Universities are typically characterised as unchanging places. The stereotypical university is a place of quiet scholarship disconnected from the frenetic pace of change that characterises the commercial world. A moments consideration of the range of universities, from small liberal arts colleges teaching two-year associate degrees, through to large élite research universities such as Harvard and Oxford, to the various open universities with hundreds of thousands of students shows that the university is in reality a more diverse place than suggested by the stereotype.
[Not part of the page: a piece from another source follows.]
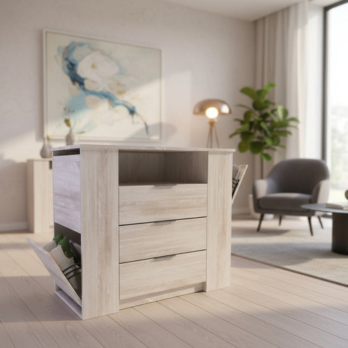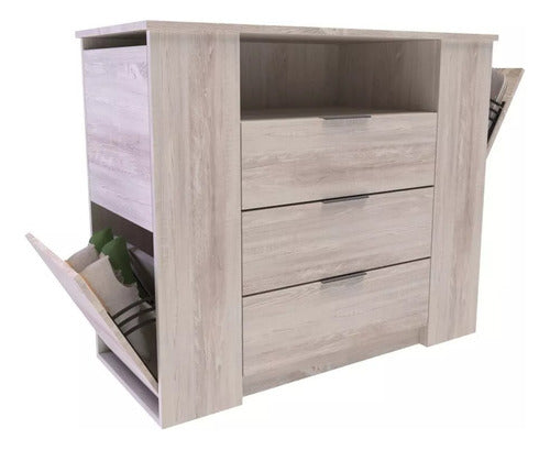 Esta cómoda cuenta con 3 cajones con correderas metálicas, que proporcionan un espacio de almacenamiento seguro y fácil de acceder. Además, incluye 4 zapateros laterales, ideales para organizar tus calzados de manera eficiente.
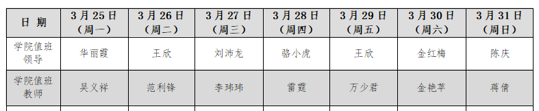 红足1世足球官网入口24小时值班表(3月25日-3月31日)

The university is also strongly connected to society and heavily influenced over time by wider changes in the environment (Cunningham et al., 1997; Sporn, 1999; Marginson & Considine, 2000; Shattock, 2003; Altbach, Reisberg & Rumbley, 2009; Wissema, 2009). The increasing challenge of funding higher education at both the individual and national level is widely recognised. Other, interrelated, forces acting on the university include the scale and scope of education; the competing influences of a diverse group of stakeholders; the changing role and significance of qualifications; and, most visibly the impact of rapid and ongoing technological development.

Sociologist Martin Trow is widely recognised as providing a useful model that explains the underlying sociological forces responsible for elements of these forces acting on the university (Trow, 1973). Trow identified that the growth in the scale of education drove the creation of three archetypical forms of education – élite, mass and universal. Élite education reflects a focus on “shaping the mind and character of a ruling class” (Trow, 2006, p. 243) as well as reflecting the “level of intensity and complexity at which the subject is pursued” (Trow, 1976, p. 355). As the scale of higher education grows to encompass a wider proportion of the population, the emphasis shifts to a focus on efficiency and impact on society most typically through employment and economic growth (Trow, 2006, p. 243). Initiatives such as the European Bologna process (Bergen, 2005; Bologna Declaration, 1999) and the alignment of national qualification frameworks to the European Qualifications Framework (United Nations Educational, Scientific and Cultural Organization, 2015) reflect the action of mass education.

The final phase, universal education, is starting to become apparent in the development of open education resources and providers (United Nations Educational, Scientific and Cultural Organization, 2012) and the exploration of the MOOC and other forms of distance or online education by many established universities (Business, Innovation and Skills, 2013). The universal model refocuses on the individual student and reflects their needs, interests and energy: “attendance at emerging institutions of higher education designed for universal access is merely another kind of experience not quantitatively different from any other experiences in modern society that give one resources for coping with the problems of contemporary life” (Trow, 2006, p. 255).